How to read the fluorescence quantitative PCR test report
Fluorescence quantitative PCR (polymerase chain reaction) is a molecular detection technology widely used in the fields of medicine, biology and environmental science. With the recent recurrence of epidemics and the increase in health awareness, fluorescence quantitative PCR test reports have become the focus of public attention. This article will provide a structured analysis of how to understand this type of report, and attach relevant data examples.
1. Interpretation of core data of the report
| Project | meaning | normal range |
|---|---|---|
| Ct value | The number of cycles at which viral nucleic acid reaches the detection threshold | ≥40 is negative <35 is positive 35-40 needs to be retested |
| Internal reference gene | Sample quality control (e.g. β-actin) | Ct value≤32 |
| amplification curve | Visualization of reaction progress | S type is an effective reaction |
2. Analysis of recent hotspot correlations
Data from the entire network in the past 10 days shows that discussions related to fluorescence quantitative PCR are mainly concentrated in the following areas:
| Topic classification | Proportion | Typical questions |
| Epidemic prevention and control | 42% | How to judge the result of a double positive test |
| pet diseases | 23% | Interpretation of canine distemper virus detection |
| food safety | 18% | Testing Standards for Genetically Modified Ingredients |
| cancer screening | 17% | Circulating tumor DNA detection threshold |
3. Step-by-step interpretation guide
1.Confirm detection target: The first part of the report will clearly indicate the test items (such as SARS-CoV-2, Epstein-Barr virus, etc.), and the criteria for determining different pathogens may be different.
2.Analyze Ct value: The smaller the value, the higher the viral load.

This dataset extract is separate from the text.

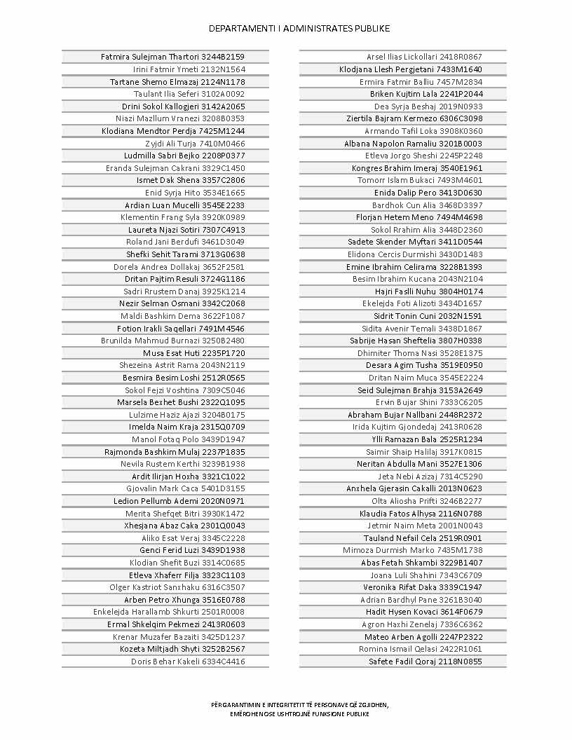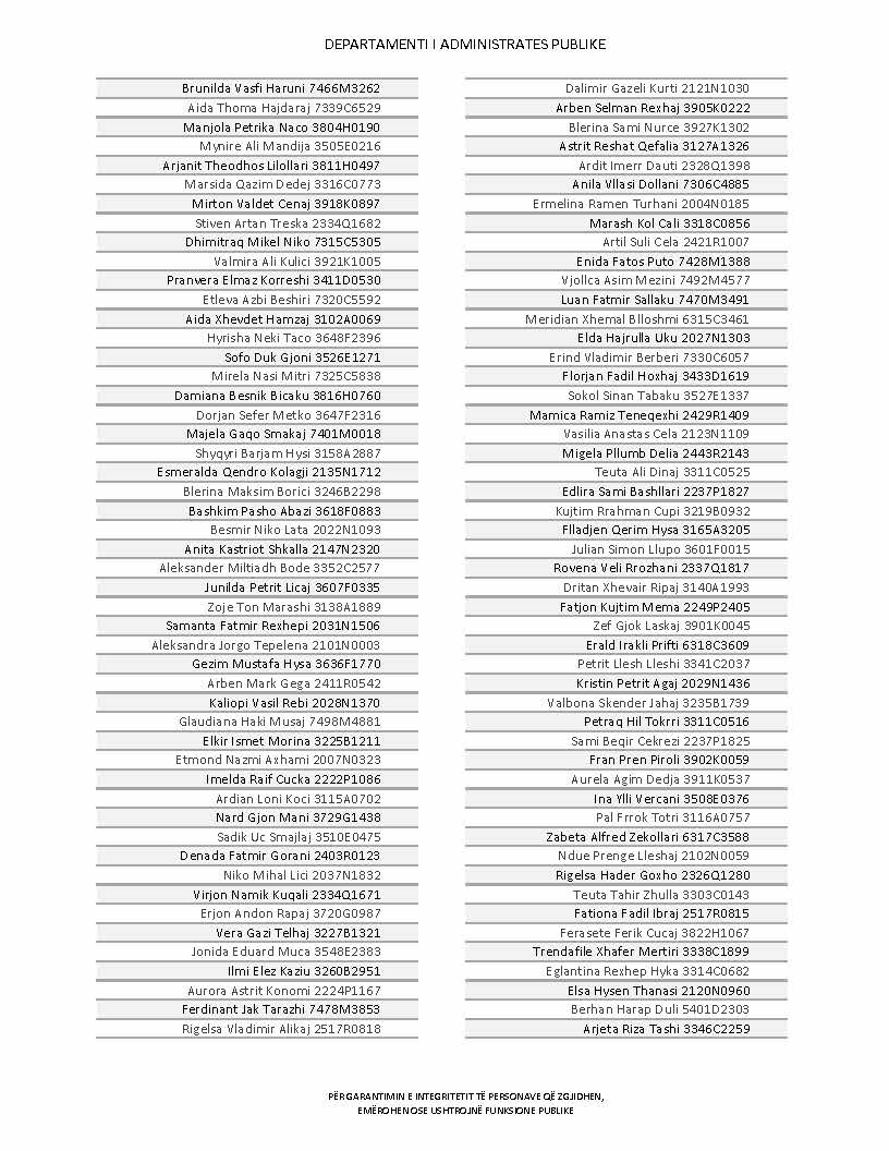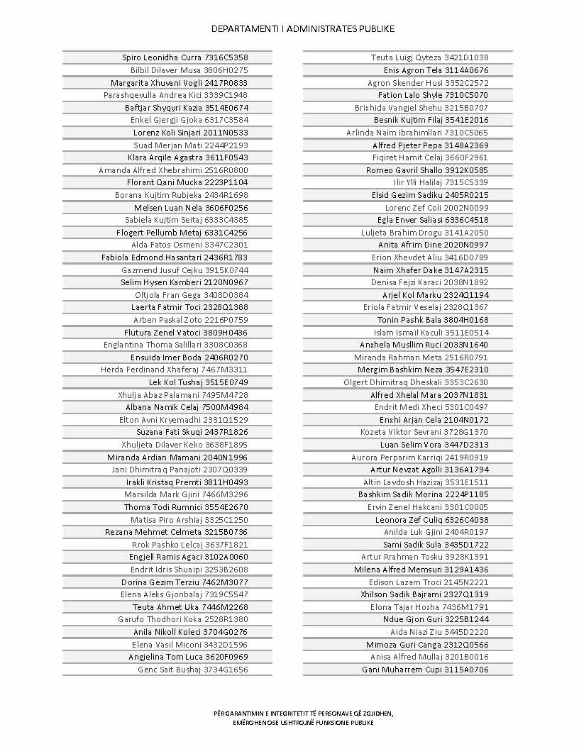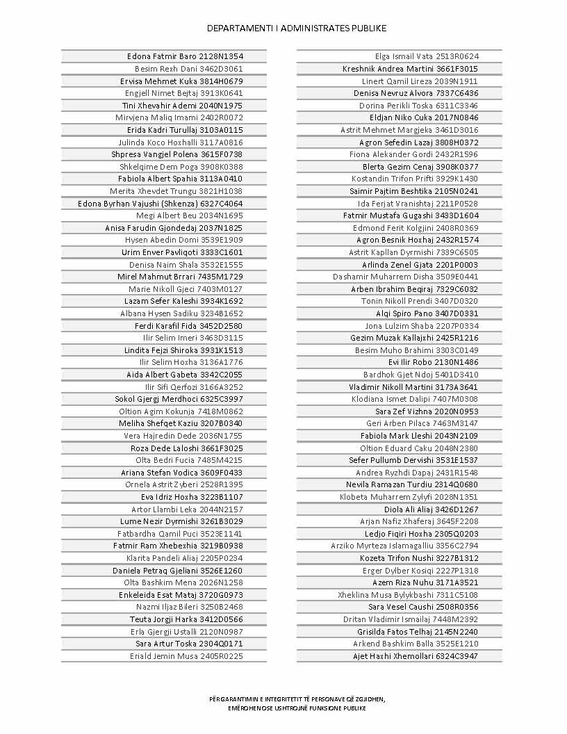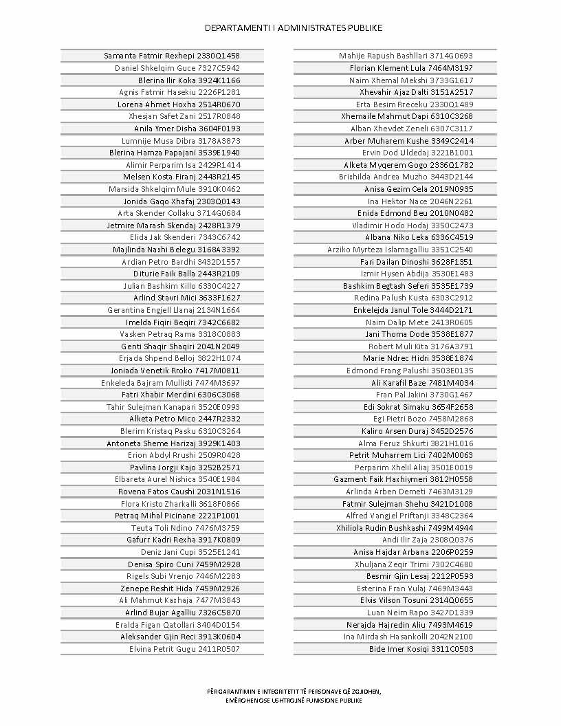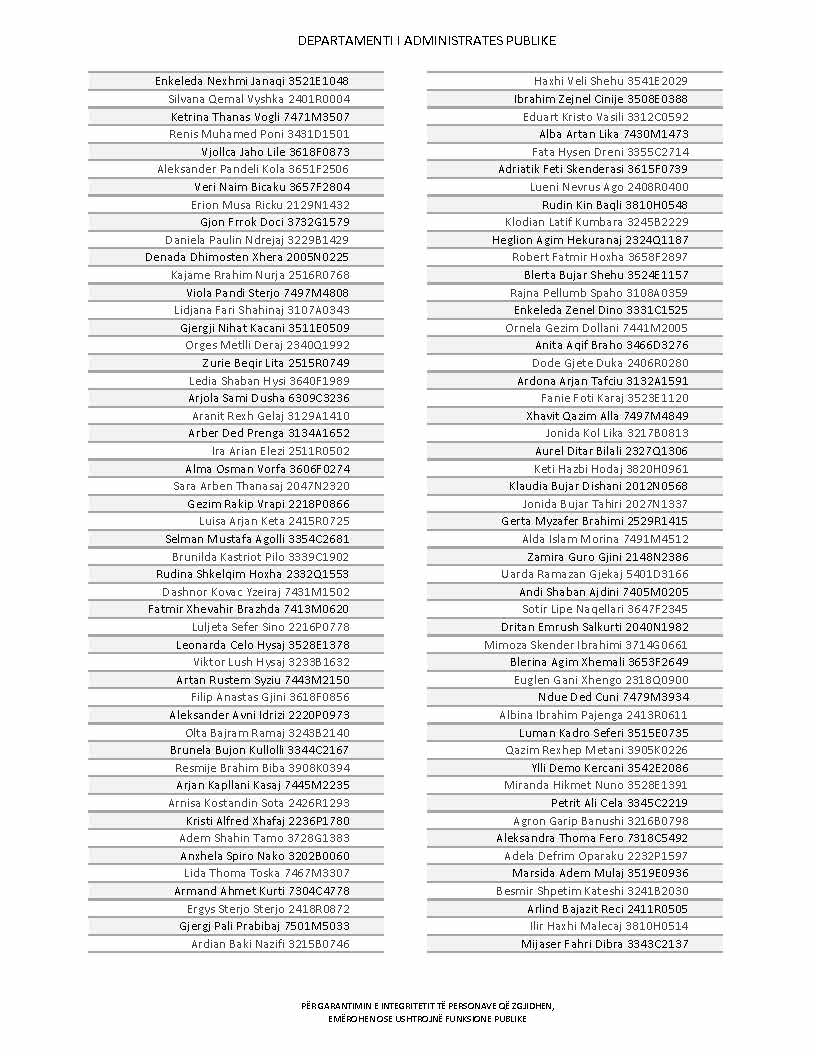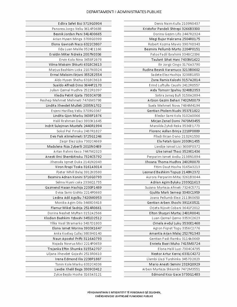 Lista e personave që kanë dorëzuar formularët e vetëdeklarimit

It should be noted that there may be an error range of ±2 between laboratories.
3.Check quality control indicators: The conformity report should contain:
| positive control | Ct value≤30 |
| negative control | No amplification curve |
| standard curve | R²≥0.98 |
4. Answers to typical questions
Q: What does a Ct value of 37 mean?
It needs to be combined with clinical judgment: if the initial screening is positive, it is recommended to retest after 48 hours; if the test is during the recovery period, there may be residual viral fragments.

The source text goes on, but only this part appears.